Howard Brod Brownstein, CTP, President, The Brownstein Corporation
Howard Brod Brownstein, CTP,
President,
The Brownstein Corporation

The Eighth Annual Education and Networking Conference was held at the Villanova University Conference Center on April 23, 2015, under the auspices of ABF Journal, the New York Institute of Credit, the Turnaround Management Association Philadelphia Chapter and the Commercial Finance Association Philadelphia Chapter. The day once again featured last year’s popular “Judicial Jeopardy” segment, along with three panels of some of the region’s top judges, lenders, factors and attorneys and rounded it out with a networking cocktail hour.

Judicial Jeopardy

Back by popular demand, “Judicial Jeopardy” — once again proved to be a rousing game, highlighting the legal (and trivial) knowledge of bankruptcy judges from the Districts of Delaware, New Jersey and Pennsylvania. Bankruptcy Judge Michael B. Kaplan of the District of New Jersey served in the role of Alex Trebek. The contestants included Judge Andrew B. Altenburg, Jr. of the District of New Jersey, Chief Judge Eric L. Frank of the Eastern District of Pennsylvania, and Chief Judge Kevin Gross of the District of Delaware.

The venerable judges fielded difficult questions on American history and bankruptcy as well as more light-hearted questions on popular television show theme songs. Several attendees remarked that this year’s bankruptcy-related questions were an order of magnitude tougher than last year. (It is rumored that the judicial contestants breathed a sigh of relief that former Judge Judith Wizmur had retired, since at last year’s conference she had virtually swept the contest with her encyclopedic knowledge of American history.)

Judicial Jeopardy 2015

We’ve listed the questions in the Judicial Jeopardy Quiz — see how many you know!

Talking Turnarounds

The first panel program, titled “Renegades, Recalcitrants and Opportunities Throughout the Capital Structure,” focused on restructurings and turnarounds and featured Jeffrey C. Hampton, partner & co-chair of the bankruptcy and restructuring department at Saul Ewing; Vincent Belcastro, managing director/group head of corporate equipment finance at Santander Bank; Robert D. Katz, of Executive Sounding Board Associates; Michael S. Goodman, managing director, of SSG Capital Advisors and Allen Wilen, partner at EisnerAmper.

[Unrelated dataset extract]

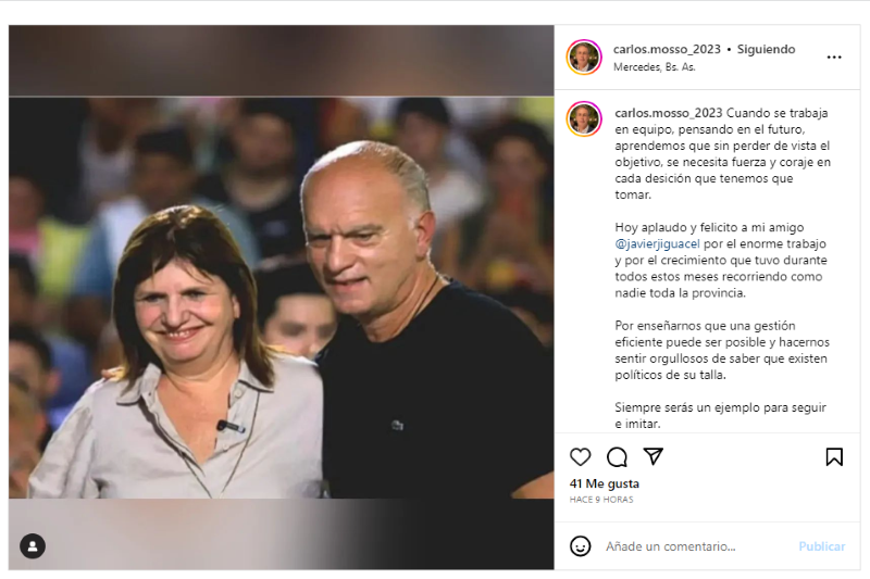 De esta forma, Carlos Mosso, concejal mercedino que trabaja para ser candidato a Intendente de Mercedes en la línea de Patricia Bullrich y que supo recibir y trabajar con Javier Iguacel, expresó su agradecimiento al Intendente de Capitán Sarmiento y confirmó su continuidad con «Pato».

This program utilized a case study, as well as “Sudden and Second Thoughts” on how to be opportunistic. The case study involved the saga of “Winches ‘R’ Us Company,” a $100 million manufacturer and distributor of industrial and consumer-related winches, primarily for heavy-duty and standard-duty towing businesses. For example, the company’s industrial-duty winches were made for manufacturing and equipment customers, while its consumer-duty winches were made for Jeeps and alternative terrain vehicles. The company’s normal course EBITDA levels was about $10 million, and its capital structure was the result of an “ABL-light” and leveraged finance transaction that had enabled the acquisition of the company by a private equity firm. The debt structure consisted of senior debt of $60 million divided into a $20 million revolver and a $40 million term loan, which allowed the company to leverage itself to six times its senior debt, and mezzanine debt of $20 million from a specialty debt fund. These two tranches increased total debt to 8X leverage.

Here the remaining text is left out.